» MATERIAL PROVIDED
++++++

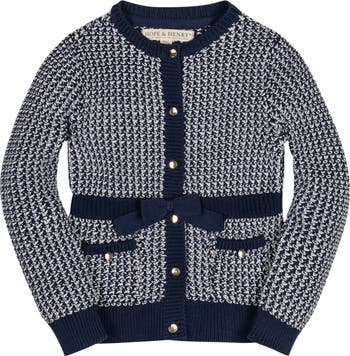 Our sophisticated sweater cardigan in soft organic cotton is elevated by a beautiful tweed-like stitch. Features gold buttons, front patch pockets, contrast trim, and a sweet bow detail at the waist. This piece pairs perfectly with our collection of organic cotton knit tops and skirts for a polished look.
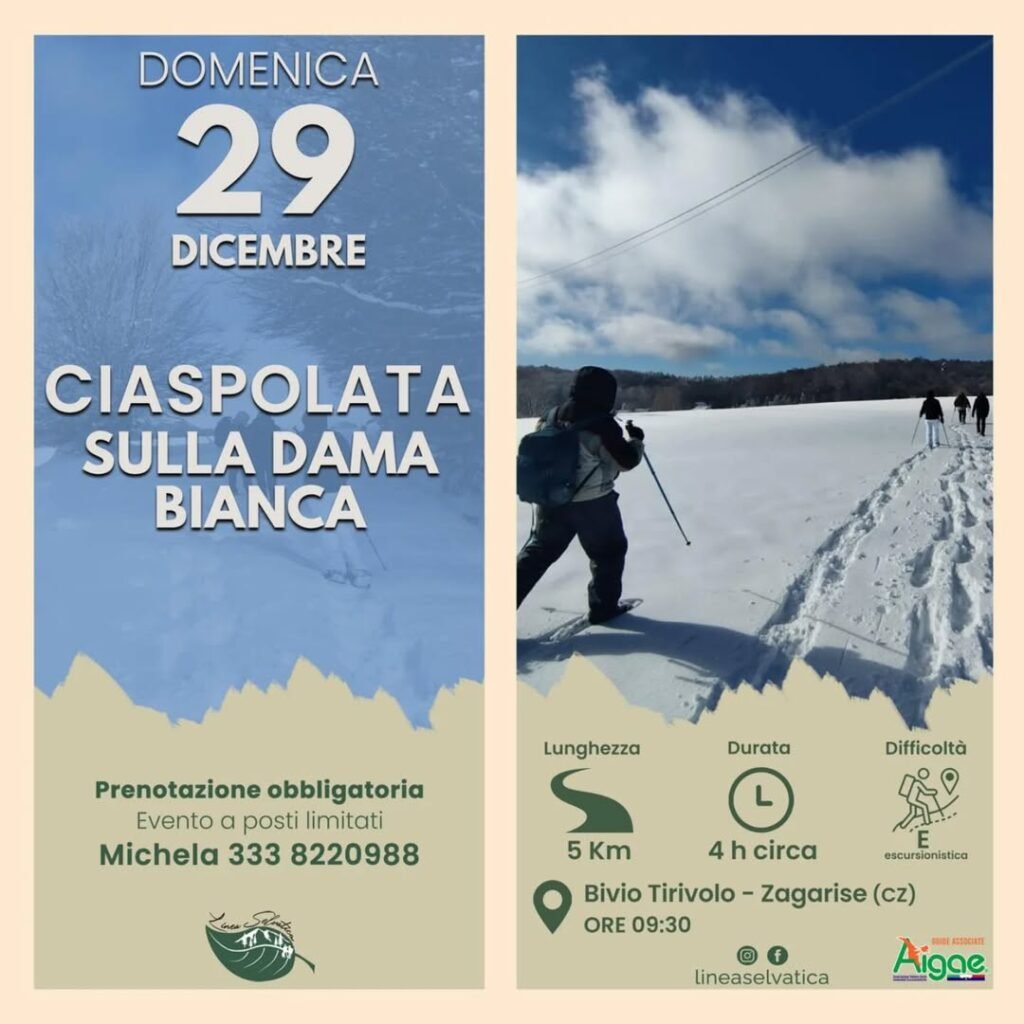 Domenica 29 dicembre 2024 scopri la bellezza incontaminata della Sila con una ciaspolata guidata. Camminerai tra boschi innevati, ammirando panorami mozzafiato.
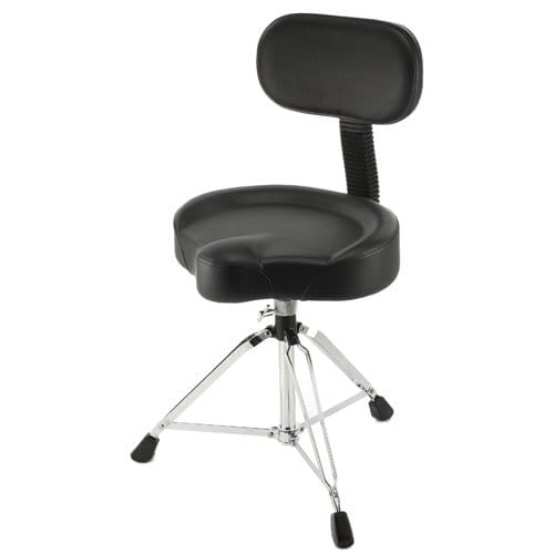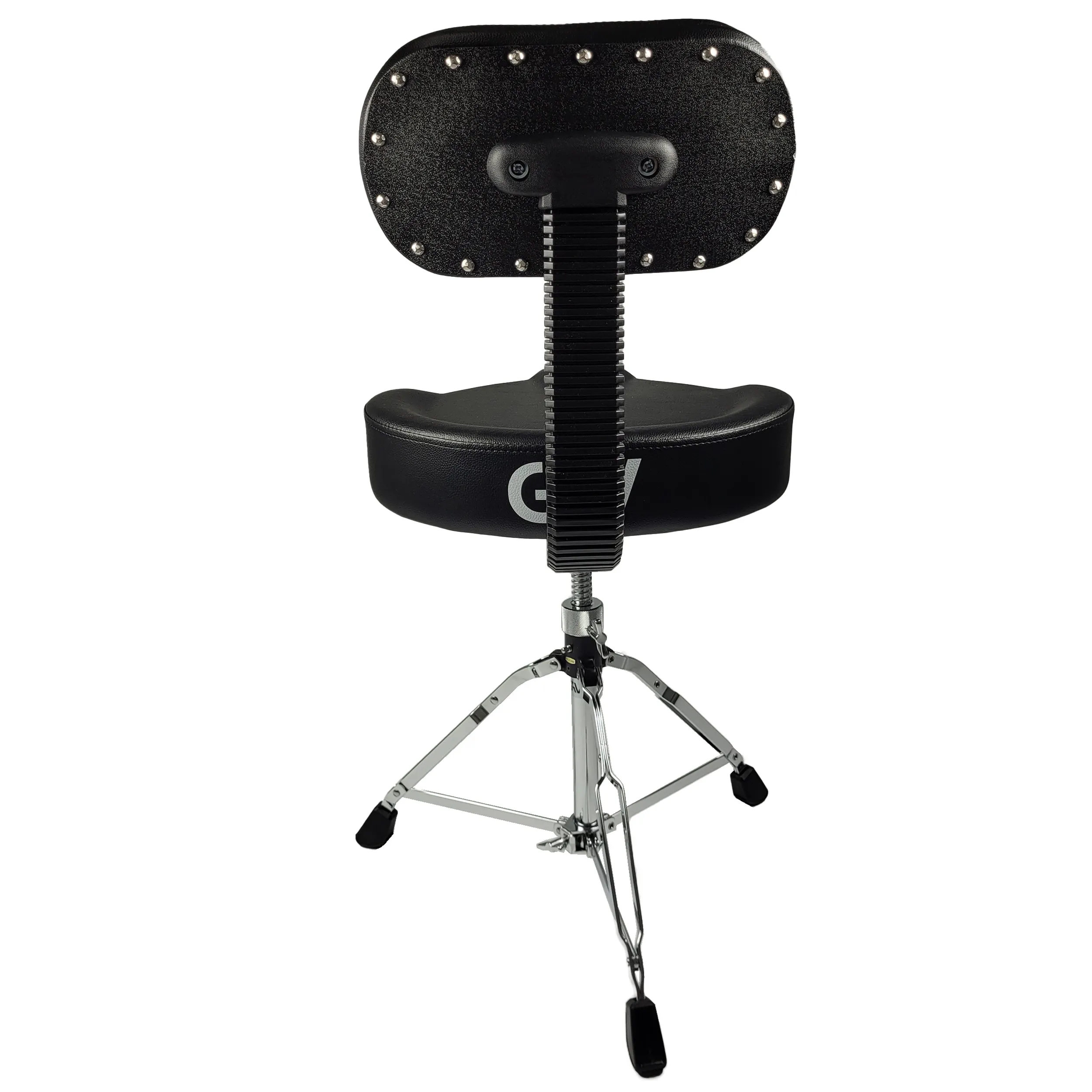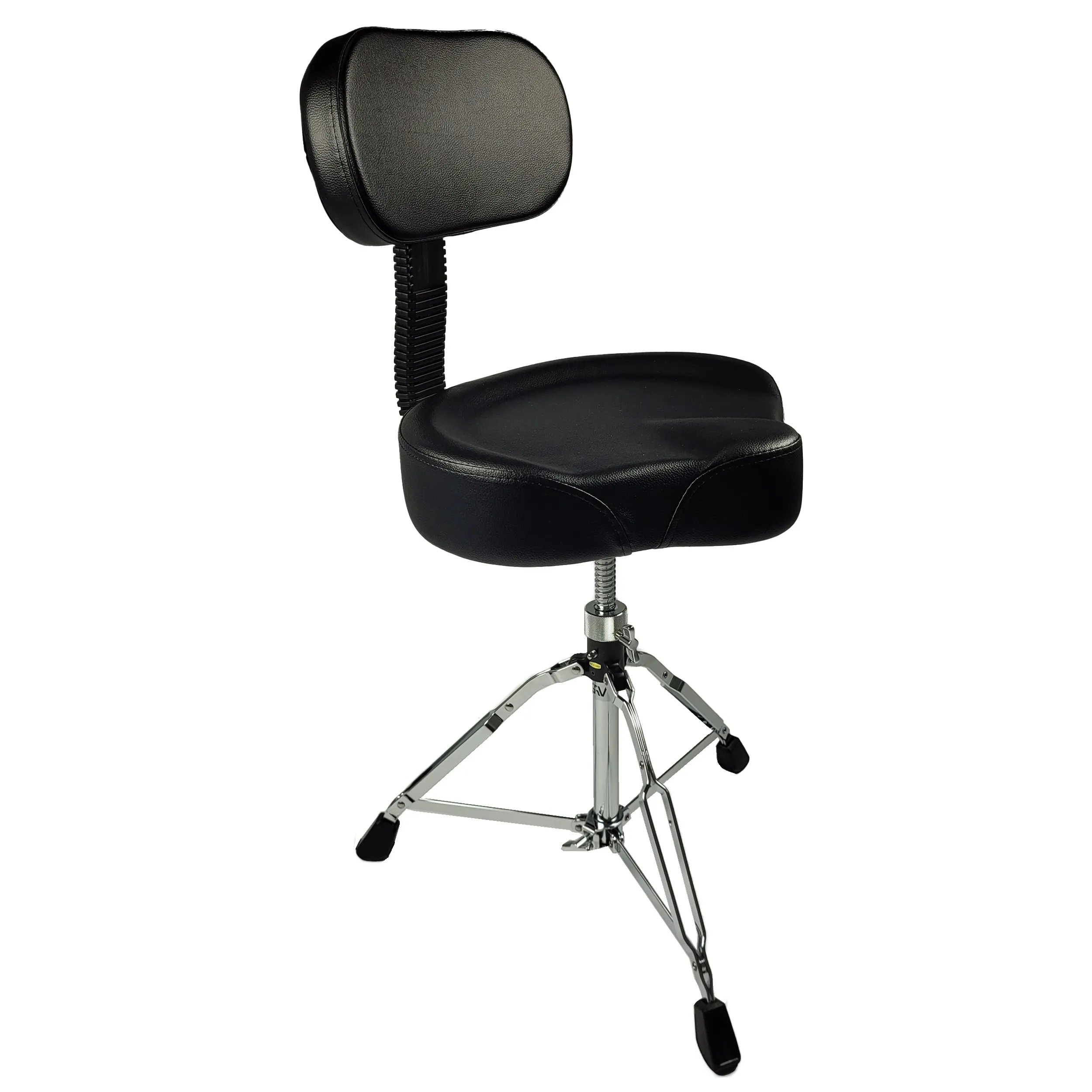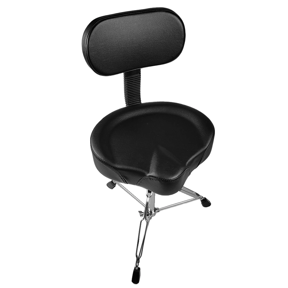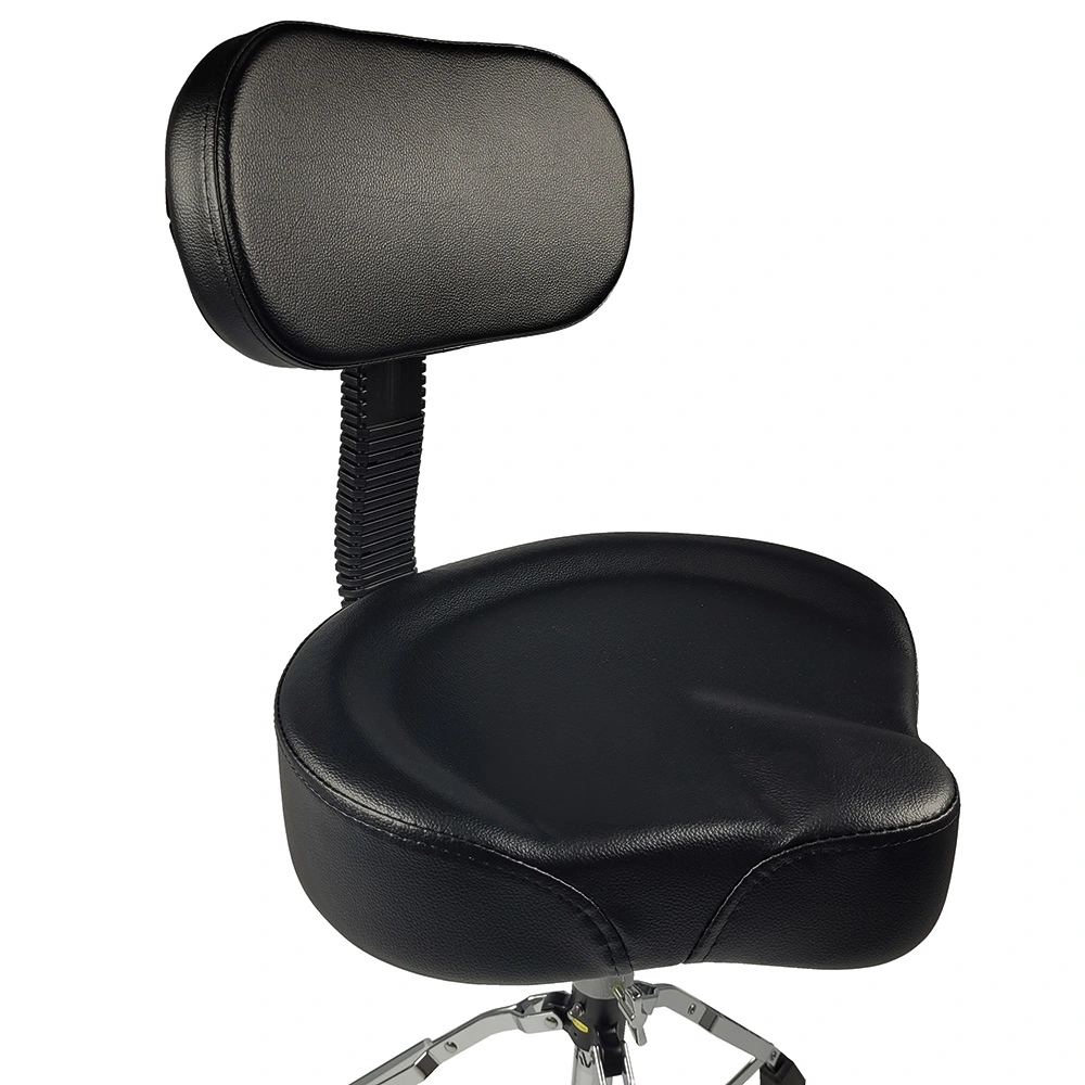 Professional drum stool with a motorcycle seat and backrest , which ensures comfort while playing for a long time. The base consists of three legs that are double reinforced and finished with rubber tips. Legs made of steel. The stool is adjustable in height.

++++++

» TASK DESCRIPTION
All of the data is to be returned exactly, with no pictures included.

» REPLY TO THE TASK
 Our sophisticated sweater cardigan in soft organic cotton is elevated by a beautiful tweed-like stitch. Features gold buttons, front patch pockets, contrast trim, and a sweet bow detail at the waist. This piece pairs perfectly with our collection of organic cotton knit tops and skirts for a polished look.
 Domenica 29 dicembre 2024 scopri la bellezza incontaminata della Sila con una ciaspolata guidata. Camminerai tra boschi innevati, ammirando panorami mozzafiato.
 Professional drum stool with a motorcycle seat and backrest , which ensures comfort while playing for a long time. The base consists of three legs that are double reinforced and finished with rubber tips. Legs made of steel. The stool is adjustable in height.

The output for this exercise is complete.